Ethan’s true affection for his family found is more obvious in his relationship with Luther. When Ethan tells him “the dead”, “your life will always be more important to me than mine”, he rejects the affirmation of Luther that “none of our lives can be more important than this mission”. You never doubt the loyalty of Luther either, or that he threw himself in front of a bullet for his friend. The steel strength with which he reminds William Brandt in “Rogue Nation” that Ethan is his sufficient friend to make a potential traitor in the tremor instead.
One of the host moments of the real tears in the series comes in “Fallout” when Luther tells Ilsa Faust (Rebecca Ferguson) about Ethan’s wife and the heavy price that we pay to stay alongside Ethan. “If you care about him, you should move away,” he said to Ilsa through his tears. It is an act of compassion, the kind of rupture of the usual stoicism of Rhames which reveals humanity in the midst of motorcycle flips. Whenever you watch the movies and you wonder why the devil someone stays to help Ethan hunt from another cataclysm, Luther’s calm words remind you that there is a hell of a good reason. There is a touching quality in Rhames, a disturbing physical presence with this distinctive voice, representing a figure of platonic love dedicated to another man, and so that it is so fully reciprocal by Cruise.
Rhames has not always obtained the roles he deserves, but he remains one of the most reliable support players of his generation.

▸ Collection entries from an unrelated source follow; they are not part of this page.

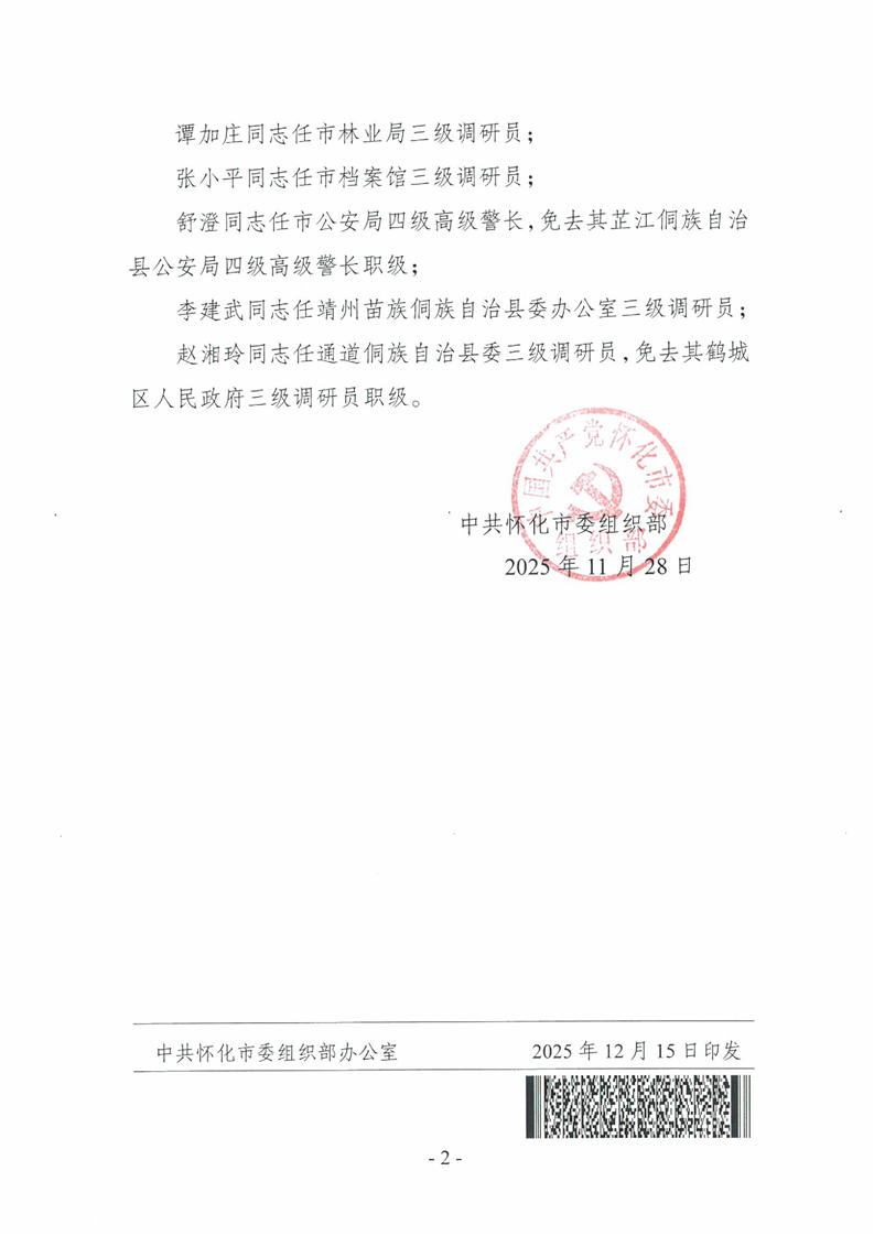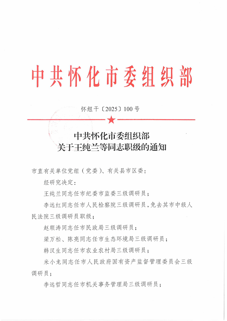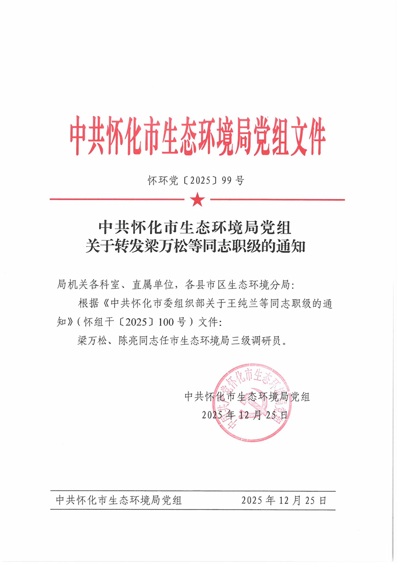中共怀化市生态环境局党组关于转发梁万松等同志职级的通知(怀环党〔2025〕99号)
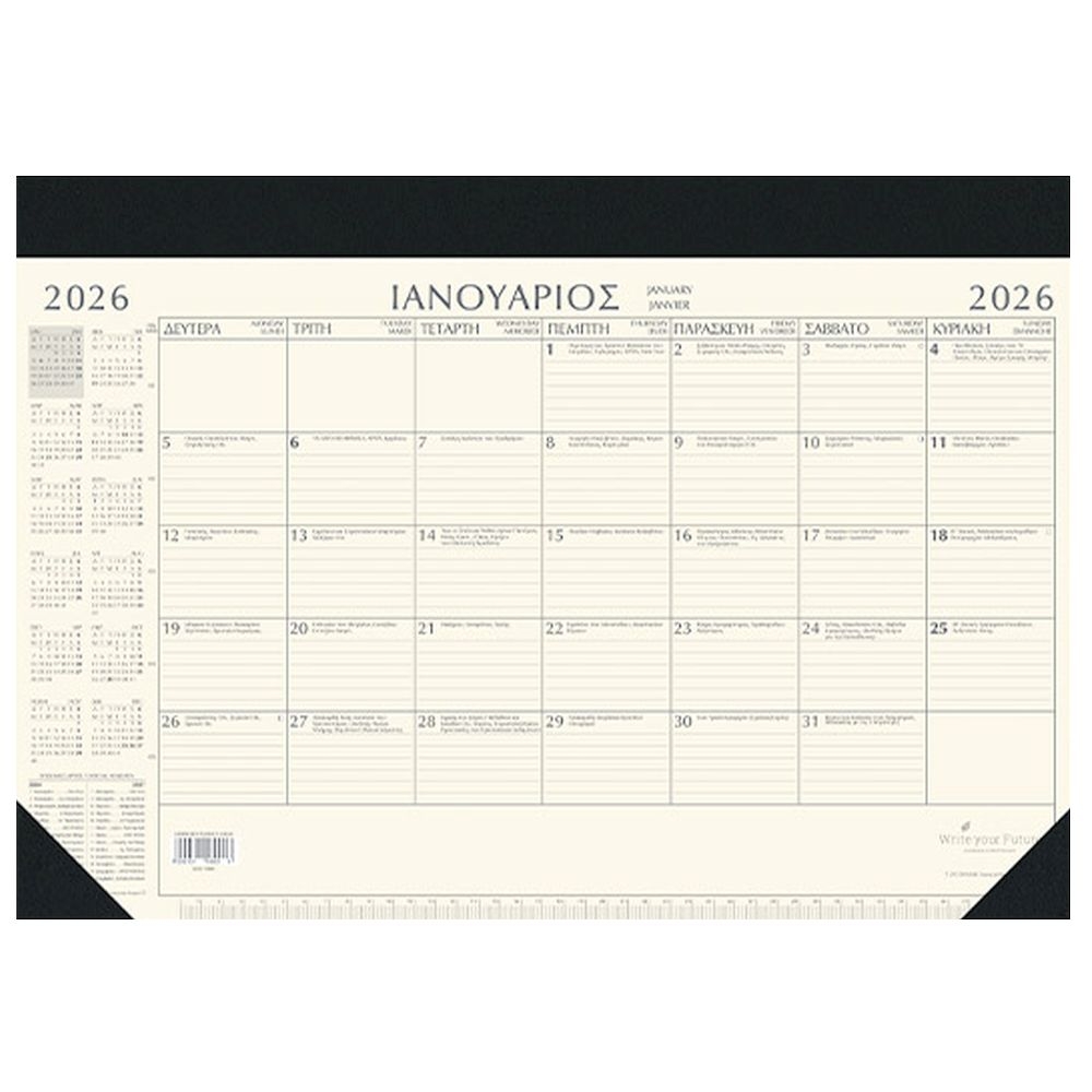 Αυτό το μηνιαίο ημερολόγιο είναι σχεδιασμένο ειδικά για τη χρήση σε γραφεία και επαγγελματικά περιβάλλοντα και προσφέρει πολλές χρήσιμες λειτουργίες. Η μεγάλη διάσταση του, 35×50 εκατοστά, προσφέρει αρκετό χώρο για να σημειώσετε τις σημαντικές σας υποχρεώσεις, συναντήσεις, προθεσμίες και άλλες εκδηλώσεις. Κάθε μήνας είναι αναγραμμένος σε ξεχωριστή σελίδα, δίνοντάς σας την δυνατότητα να προγραμματίσετε τις δραστηριότητές σας με αναλυτικό τρόπο. Το ημερολόγιο αυτό είναι ένα αξιόπιστο εργαλείο για τη διαχείριση του χρόνου και των υποχρεώσεών σας, και θα σας βοηθήσει να παραμείνετε οργανωμένοι καθ’ όλο το έτος 2026.
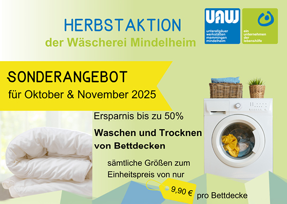 In unserer Wäscherei der P-Werkstatt Mindelheim wird täglich Wäsche von gewerblichen wie von privaten Kunden sortiert, gekennzeichnet, gewaschen, gebügelt und abholfertig zusammengelegt und verpackt. Auf Wunsch liefern wir gerne an. Das Leistungsspektrum umfasst Waschen, Bügeln und Mangeln von Berufs- und Arbeitskleidung, Gastronomiewäsche, Privatwäsche, Vorhänge und Hemdenservice. Die Wäscherei zeichnet sich durch einen schnellen Service, eine freundliche Atmosphäre, zuverlässige Qualität und faire Preise aus.

His distinctive voice can make any Sound Mumbo-Jumbo Shakespearean. In “Pulp Fiction”, his character Marcellus Wallace is presented to the public from behind, a ghost that is discussed by others, and often with fear. But Rhames, even with the camera concentrated on his neck, makes you fully aware that everyone is right to be afraid of their power. He obtained one of his juicest roles as a paramedical ambulancer in the cigarette butt in a penchant to preach in “bring out the dead”, a role depending on his innate capacity to balance gravity with a sense of powerful humor.

It is Luther in a word, but with more technological jargon: the authority that seems to be aware of the ridiculous of his situation. That and he’s so cool. You do not hire twenty rhames to play a nerd, even when it is the greatest pirate on the planet. Even Tom Cruise looks Néblanc compared to the suavensity of Rhames.
“The final calculation”, it seems fortunately, seems to be aware of the importance of rhames for the franchise and gives it an end worthy of its stature in this long and sprawling arc. Admittedly, no one could have predicted how a remake of a television program from the 1960s would evolve towards one of the most durable and daring series of modern cinema. This allowed a planned bit-party player to become a crucial support player whose presence was indelible for the success of the films. In a machine as well oiled and sophisticated as the Mission series: Impossible, Rhames was the cog that made everything advance.